• [Data]:
/---

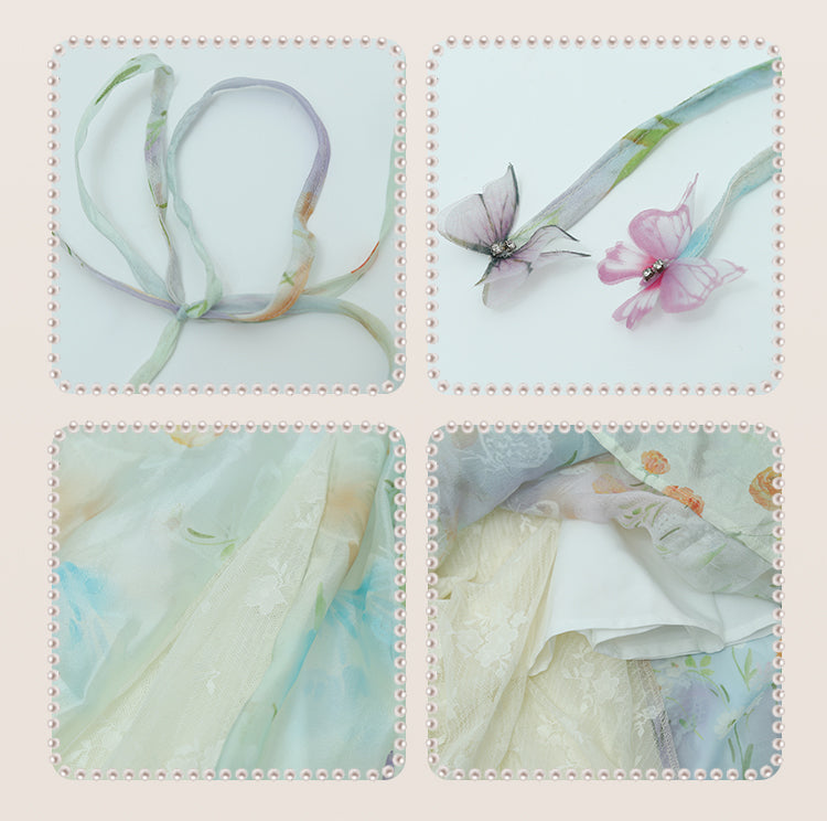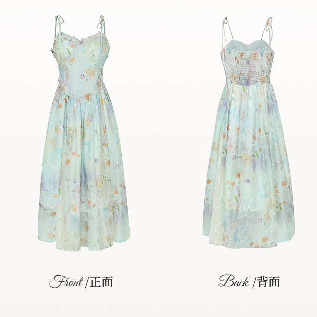 ● Contrast Lace Patches / Floral Print / Smocked Elastic at Back / Thin Shoulder Straps
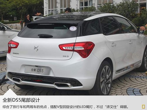 全新DS5獨(dú)特的尾廂造型綜合了旅行車和兩廂車的優(yōu)點(diǎn),搭配V型回旋設(shè)計(jì)的LED尾燈、精巧的睿黑色擾流板以及嵌入后保險(xiǎn)杠內(nèi)的賽車式扁平鍍鉻雙排氣管,視覺感受更加整體。采用鏡面鉆石切割技術(shù)的雙叉式運(yùn)動(dòng)輪轂,不僅提升了外觀的整體品質(zhì)感,也為全新DS5添加了更多Coupe跑車基因。
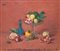 Alberto Salietti Ravenna 1892 - Chiavari 1961 NATURA MORTA FONDO ROSSO olio su compensato, cm 50x60. Firmato e datato in alto a sinistra: Salietti 46 Esposizioni: Milano, Natale dell’arte, 18-31 dicembre 1949 (etichetta al retro).
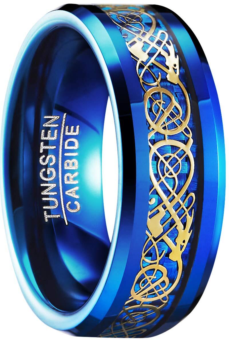 083基地 メンズ 指輪 リング タングステン ドラゴン 竜紋 カーボン 炭素繊維 横幅8mm 平打ち ブルー 真空メッキ 22号

\---

• [Directions]: Ignore the images and quote every line of the listing exactly.

• [Solution for this task]:
 ● Contrast Lace Patches / Floral Print / Smocked Elastic at Back / Thin Shoulder Straps
 全新DS5獨(dú)特的尾廂造型綜合了旅行車和兩廂車的優(yōu)點(diǎn),搭配V型回旋設(shè)計(jì)的LED尾燈、精巧的睿黑色擾流板以及嵌入后保險(xiǎn)杠內(nèi)的賽車式扁平鍍鉻雙排氣管,視覺感受更加整體。采用鏡面鉆石切割技術(shù)的雙叉式運(yùn)動(dòng)輪轂,不僅提升了外觀的整體品質(zhì)感,也為全新DS5添加了更多Coupe跑車基因。
 Alberto Salietti Ravenna 1892 - Chiavari 1961 NATURA MORTA FONDO ROSSO olio su compensato, cm 50x60. Firmato e datato in alto a sinistra: Salietti 46 Esposizioni: Milano, Natale dell’arte, 18-31 dicembre 1949 (etichetta al retro).
 083基地 メンズ 指輪 リング タングステン ドラゴン 竜紋 カーボン 炭素繊維 横幅8mm 平打ち ブルー 真空メッキ 22号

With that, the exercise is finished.